● DATA SHOWN
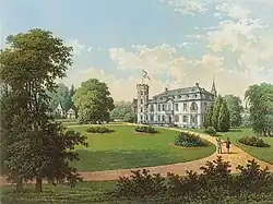 Gustav Vincent Graf von Hompesch ließ die alte Burg 1787[1] niederlegen und bis 1790 ganz in der Nähe ein neues Gebäude errichten. Dieses Herrenhaus wurde im Stil des Rokoko erbaut. In den Jahren von 1860 bis 1870[4] wurde es im Stile der Neogotik verändert und erhielt Anbauten zur Vergrößerung. An der Nord-Westseite zum Hof hin fügte Alfred Polycarp Graf von Hompesch-Rurich 1862[5] einen polygonalen Eckturm mit Zinnenkranz hinzu, die neue Schlosskapelle wurde 1865 eingeweiht.[1] Des Weiteren wurde in den 1860er Jahren ein Bibliotheksbau angefügt.
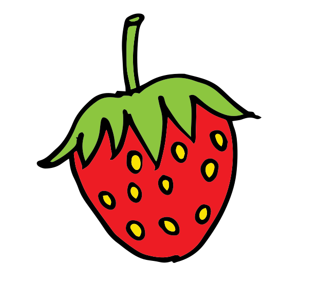 This features a large, red strawberry with yellow spots. It is depicted in a cartoon-like style and has a black outline around it. The strawberry appears to be the main focus of the image, taking up most of the frame.
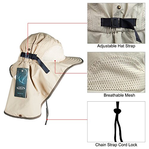 Professional Fishing Hat: Large (unfolded: 20.47(L) x 13(H) inches) and long Bill Flap, protecting your neck and ears. There is a button on it, which can be fastened up to the button on the back of the hat.

● WORK REQUIRED
Reproduce the listing above exactly, but skip the pictures.

● YOUR SOLUTION
 Gustav Vincent Graf von Hompesch ließ die alte Burg 1787[1] niederlegen und bis 1790 ganz in der Nähe ein neues Gebäude errichten. Dieses Herrenhaus wurde im Stil des Rokoko erbaut. In den Jahren von 1860 bis 1870[4] wurde es im Stile der Neogotik verändert und erhielt Anbauten zur Vergrößerung. An der Nord-Westseite zum Hof hin fügte Alfred Polycarp Graf von Hompesch-Rurich 1862[5] einen polygonalen Eckturm mit Zinnenkranz hinzu, die neue Schlosskapelle wurde 1865 eingeweiht.[1] Des Weiteren wurde in den 1860er Jahren ein Bibliotheksbau angefügt.
 This features a large, red strawberry with yellow spots. It is depicted in a cartoon-like style and has a black outline around it. The strawberry appears to be the main focus of the image, taking up most of the frame.
 Professional Fishing Hat: Large (unfolded: 20.47(L) x 13(H) inches) and long Bill Flap, protecting your neck and ears. There is a button on it, which can be fastened up to the button on the back of the hat.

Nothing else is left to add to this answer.